--- Data provided Enclosed Below ---
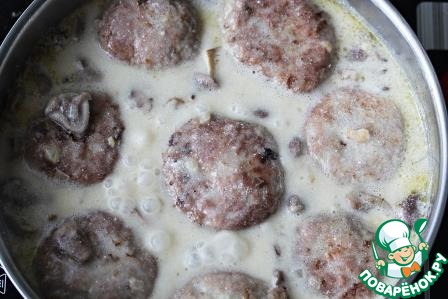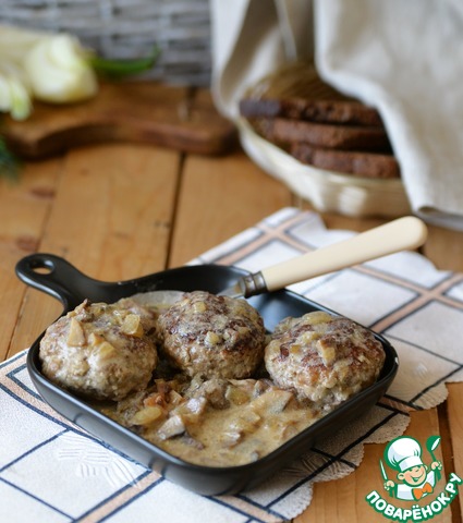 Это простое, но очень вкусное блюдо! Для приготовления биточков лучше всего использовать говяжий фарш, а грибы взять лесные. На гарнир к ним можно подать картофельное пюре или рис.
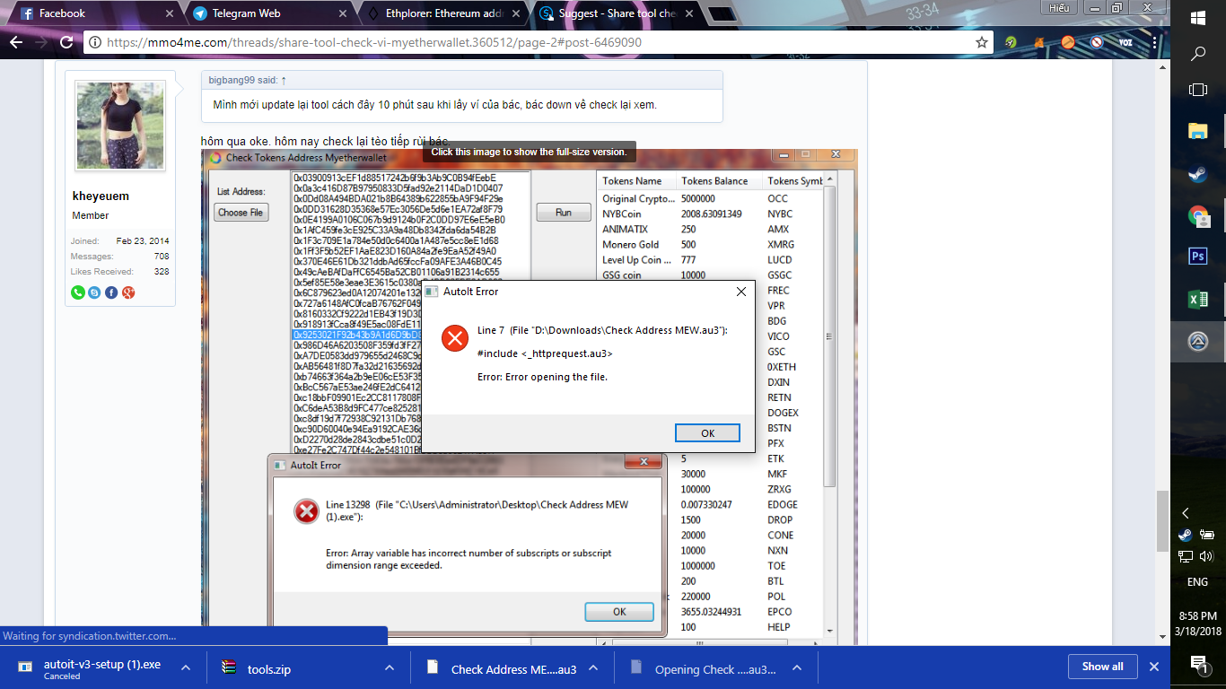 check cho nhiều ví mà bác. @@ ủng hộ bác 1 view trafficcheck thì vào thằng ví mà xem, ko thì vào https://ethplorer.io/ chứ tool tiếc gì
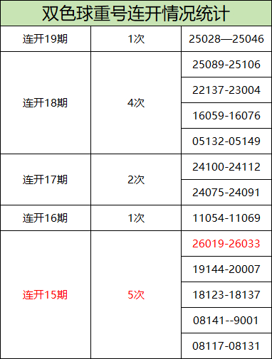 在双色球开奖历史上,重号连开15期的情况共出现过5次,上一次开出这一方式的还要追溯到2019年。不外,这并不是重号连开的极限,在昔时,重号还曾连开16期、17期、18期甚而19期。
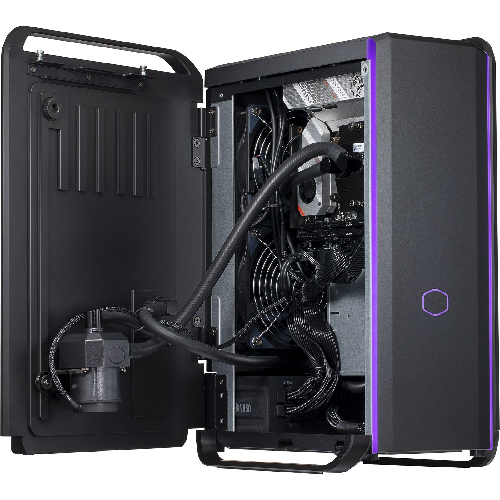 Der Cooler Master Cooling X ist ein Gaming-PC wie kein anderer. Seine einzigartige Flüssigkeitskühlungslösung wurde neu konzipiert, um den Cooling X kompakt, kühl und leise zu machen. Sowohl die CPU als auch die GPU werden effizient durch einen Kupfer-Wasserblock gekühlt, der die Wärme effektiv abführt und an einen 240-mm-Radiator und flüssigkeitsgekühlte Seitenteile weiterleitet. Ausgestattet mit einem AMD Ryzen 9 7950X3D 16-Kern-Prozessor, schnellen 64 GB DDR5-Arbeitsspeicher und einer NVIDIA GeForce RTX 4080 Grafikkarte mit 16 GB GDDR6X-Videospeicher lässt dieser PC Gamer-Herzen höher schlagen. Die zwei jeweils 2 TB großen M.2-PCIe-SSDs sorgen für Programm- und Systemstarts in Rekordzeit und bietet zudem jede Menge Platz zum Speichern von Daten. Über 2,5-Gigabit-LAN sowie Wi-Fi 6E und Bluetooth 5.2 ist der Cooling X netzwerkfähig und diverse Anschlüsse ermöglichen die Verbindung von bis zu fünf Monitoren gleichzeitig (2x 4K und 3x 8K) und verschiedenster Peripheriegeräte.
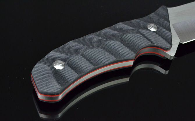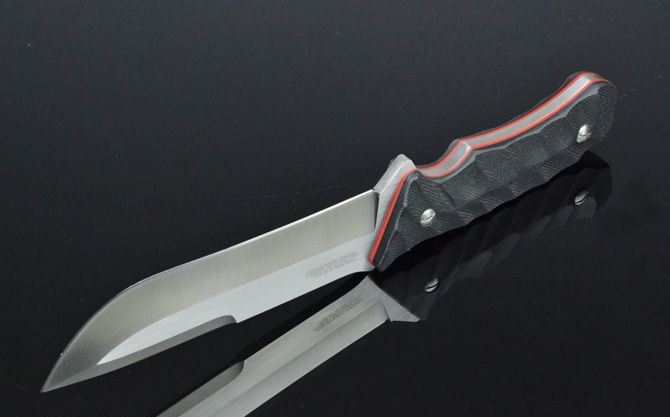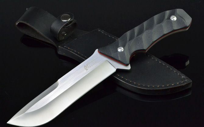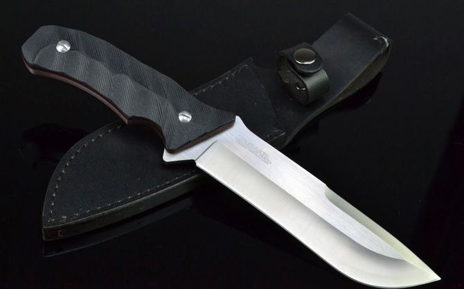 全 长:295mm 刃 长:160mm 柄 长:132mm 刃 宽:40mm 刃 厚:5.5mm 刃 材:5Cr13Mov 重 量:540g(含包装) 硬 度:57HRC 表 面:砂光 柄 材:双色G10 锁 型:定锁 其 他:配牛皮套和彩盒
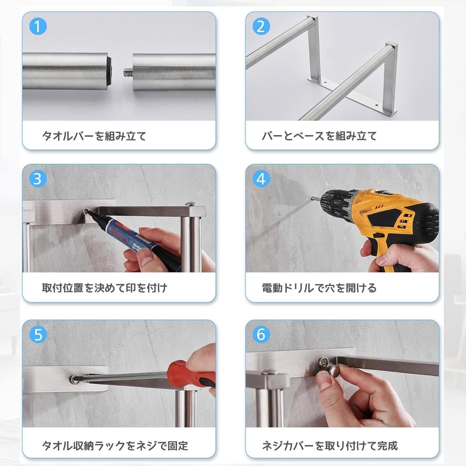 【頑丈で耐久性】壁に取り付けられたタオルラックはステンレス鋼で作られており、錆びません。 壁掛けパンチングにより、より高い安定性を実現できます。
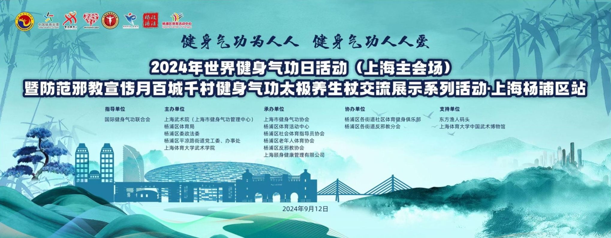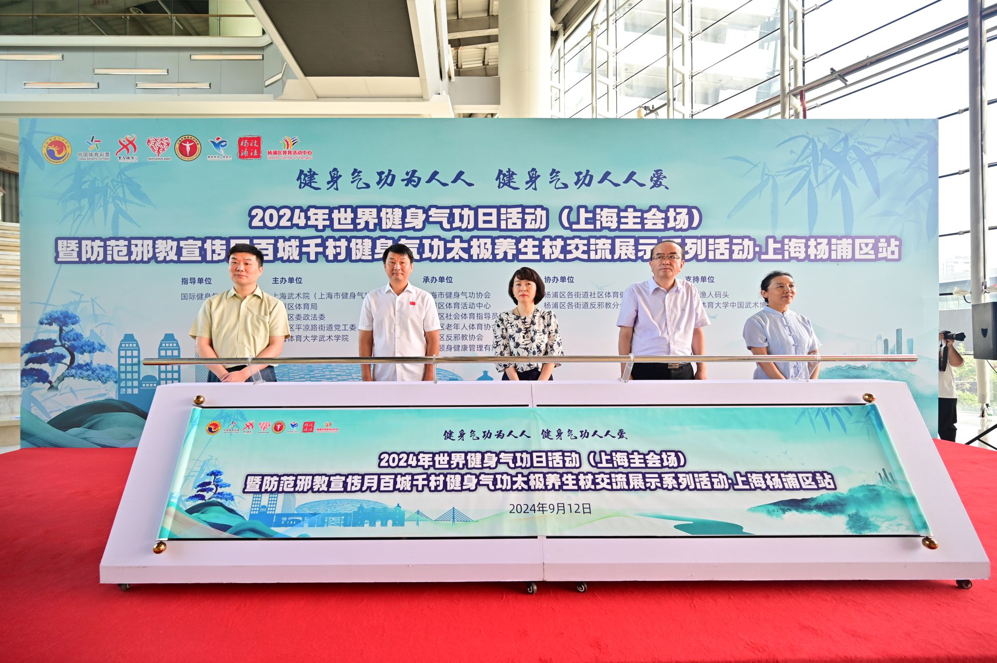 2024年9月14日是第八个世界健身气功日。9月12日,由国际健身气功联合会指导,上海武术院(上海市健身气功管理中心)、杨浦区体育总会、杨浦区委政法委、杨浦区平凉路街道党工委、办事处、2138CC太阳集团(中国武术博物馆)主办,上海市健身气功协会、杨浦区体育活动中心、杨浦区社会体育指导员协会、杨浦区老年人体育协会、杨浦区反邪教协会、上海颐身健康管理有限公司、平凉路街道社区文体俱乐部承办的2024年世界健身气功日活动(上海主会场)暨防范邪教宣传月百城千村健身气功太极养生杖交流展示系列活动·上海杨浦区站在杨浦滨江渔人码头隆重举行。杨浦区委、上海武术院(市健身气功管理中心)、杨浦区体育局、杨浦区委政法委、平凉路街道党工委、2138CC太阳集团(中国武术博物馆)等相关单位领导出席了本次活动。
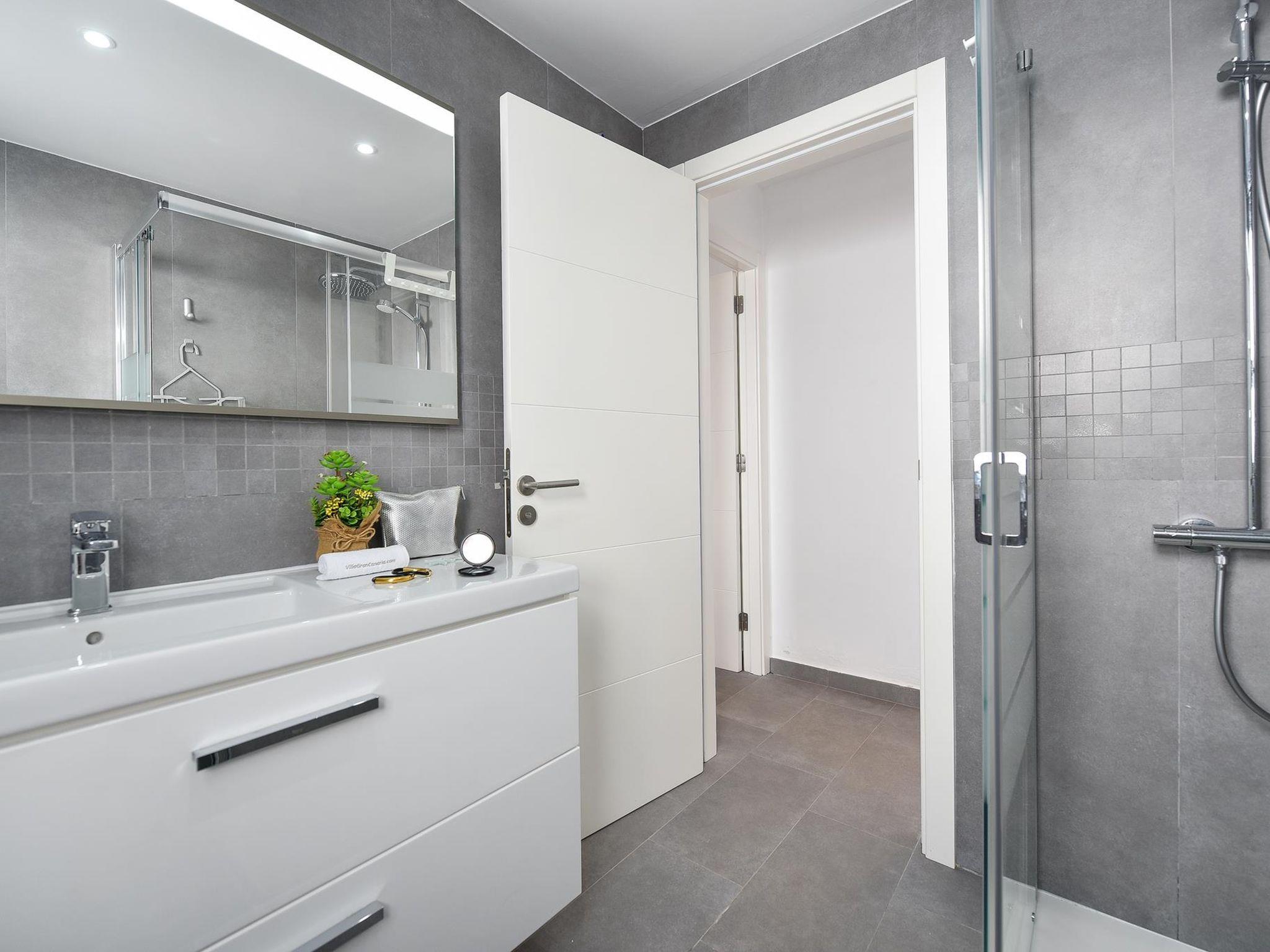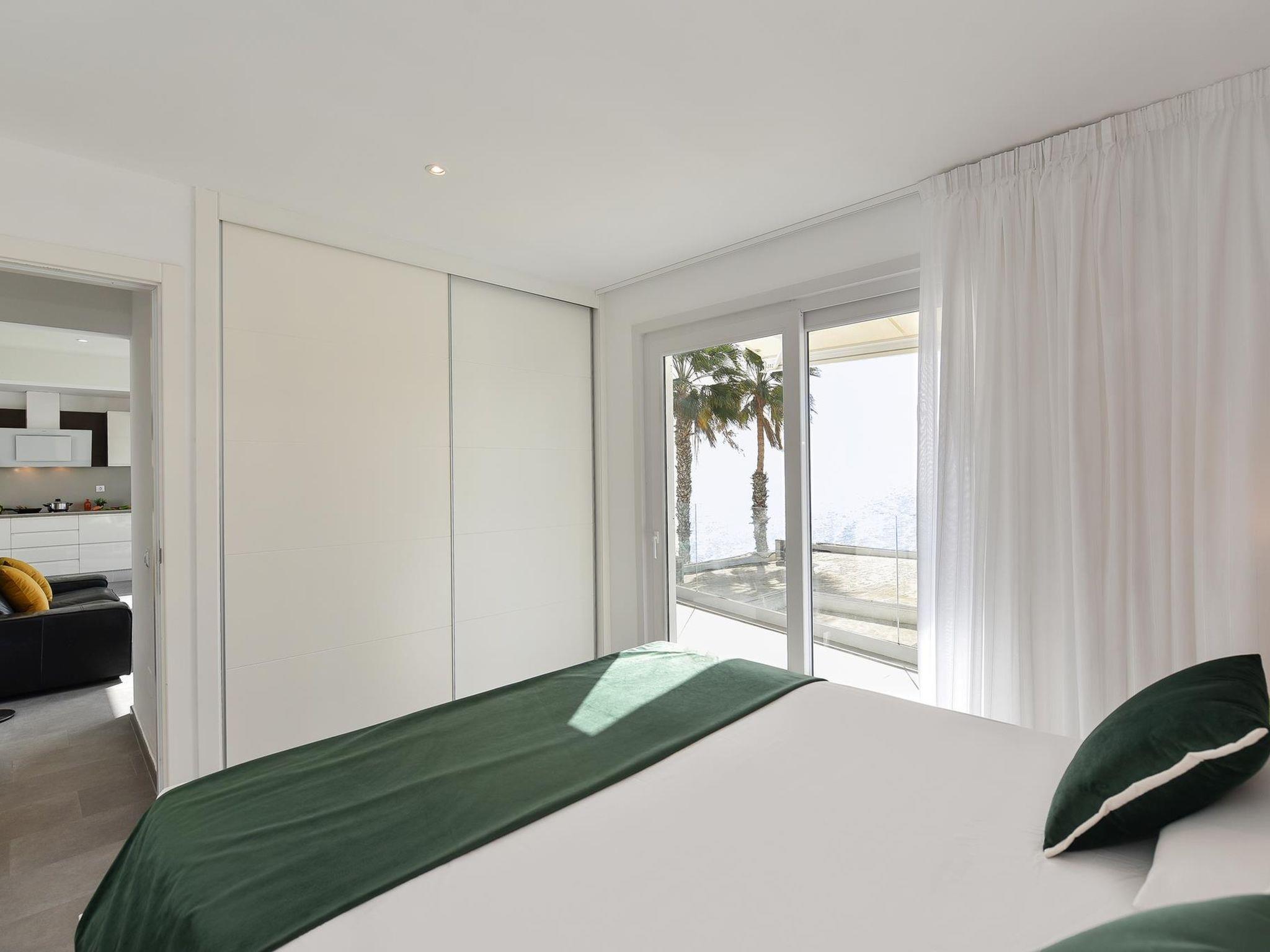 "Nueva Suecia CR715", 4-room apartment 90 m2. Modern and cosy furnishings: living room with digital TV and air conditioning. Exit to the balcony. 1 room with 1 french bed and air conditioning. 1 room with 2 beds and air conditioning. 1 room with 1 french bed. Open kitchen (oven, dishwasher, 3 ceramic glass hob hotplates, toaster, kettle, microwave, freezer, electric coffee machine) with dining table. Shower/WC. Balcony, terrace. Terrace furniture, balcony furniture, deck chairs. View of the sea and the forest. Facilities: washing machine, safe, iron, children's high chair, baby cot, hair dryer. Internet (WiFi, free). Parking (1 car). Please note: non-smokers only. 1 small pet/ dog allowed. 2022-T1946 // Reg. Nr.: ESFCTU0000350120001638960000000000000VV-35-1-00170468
--- End of Enclosed Data provided ---
▶ **What to do**: Pictures are to be left out; all other data must be returned exactly.

▶ **The completed task**:
 Это простое, но очень вкусное блюдо! Для приготовления биточков лучше всего использовать говяжий фарш, а грибы взять лесные. На гарнир к ним можно подать картофельное пюре или рис.
 check cho nhiều ví mà bác. @@ ủng hộ bác 1 view trafficcheck thì vào thằng ví mà xem, ko thì vào https://ethplorer.io/ chứ tool tiếc gì
 在双色球开奖历史上,重号连开15期的情况共出现过5次,上一次开出这一方式的还要追溯到2019年。不外,这并不是重号连开的极限,在昔时,重号还曾连开16期、17期、18期甚而19期。
 Der Cooler Master Cooling X ist ein Gaming-PC wie kein anderer. Seine einzigartige Flüssigkeitskühlungslösung wurde neu konzipiert, um den Cooling X kompakt, kühl und leise zu machen. Sowohl die CPU als auch die GPU werden effizient durch einen Kupfer-Wasserblock gekühlt, der die Wärme effektiv abführt und an einen 240-mm-Radiator und flüssigkeitsgekühlte Seitenteile weiterleitet. Ausgestattet mit einem AMD Ryzen 9 7950X3D 16-Kern-Prozessor, schnellen 64 GB DDR5-Arbeitsspeicher und einer NVIDIA GeForce RTX 4080 Grafikkarte mit 16 GB GDDR6X-Videospeicher lässt dieser PC Gamer-Herzen höher schlagen. Die zwei jeweils 2 TB großen M.2-PCIe-SSDs sorgen für Programm- und Systemstarts in Rekordzeit und bietet zudem jede Menge Platz zum Speichern von Daten. Über 2,5-Gigabit-LAN sowie Wi-Fi 6E und Bluetooth 5.2 ist der Cooling X netzwerkfähig und diverse Anschlüsse ermöglichen die Verbindung von bis zu fünf Monitoren gleichzeitig (2x 4K und 3x 8K) und verschiedenster Peripheriegeräte.
 全 长:295mm 刃 长:160mm 柄 长:132mm 刃 宽:40mm 刃 厚:5.5mm 刃 材:5Cr13Mov 重 量:540g(含包装) 硬 度:57HRC 表 面:砂光 柄 材:双色G10 锁 型:定锁 其 他:配牛皮套和彩盒
 【頑丈で耐久性】壁に取り付けられたタオルラックはステンレス鋼で作られており、錆びません。 壁掛けパンチングにより、より高い安定性を実現できます。
 2024年9月14日是第八个世界健身气功日。9月12日,由国际健身气功联合会指导,上海武术院(上海市健身气功管理中心)、杨浦区体育总会、杨浦区委政法委、杨浦区平凉路街道党工委、办事处、2138CC太阳集团(中国武术博物馆)主办,上海市健身气功协会、杨浦区体育活动中心、杨浦区社会体育指导员协会、杨浦区老年人体育协会、杨浦区反邪教协会、上海颐身健康管理有限公司、平凉路街道社区文体俱乐部承办的2024年世界健身气功日活动(上海主会场)暨防范邪教宣传月百城千村健身气功太极养生杖交流展示系列活动·上海杨浦区站在杨浦滨江渔人码头隆重举行。杨浦区委、上海武术院(市健身气功管理中心)、杨浦区体育局、杨浦区委政法委、平凉路街道党工委、2138CC太阳集团(中国武术博物馆)等相关单位领导出席了本次活动。
 "Nueva Suecia CR715", 4-room apartment 90 m2. Modern and cosy furnishings: living room with digital TV and air conditioning. Exit to the balcony. 1 room with 1 french bed and air conditioning. 1 room with 2 beds and air conditioning. 1 room with 1 french bed. Open kitchen (oven, dishwasher, 3 ceramic glass hob hotplates, toaster, kettle, microwave, freezer, electric coffee machine) with dining table. Shower/WC. Balcony, terrace. Terrace furniture, balcony furniture, deck chairs. View of the sea and the forest. Facilities: washing machine, safe, iron, children's high chair, baby cot, hair dryer. Internet (WiFi, free). Parking (1 car). Please note: non-smokers only. 1 small pet/ dog allowed. 2022-T1946 // Reg. Nr.: ESFCTU0000350120001638960000000000000VV-35-1-00170468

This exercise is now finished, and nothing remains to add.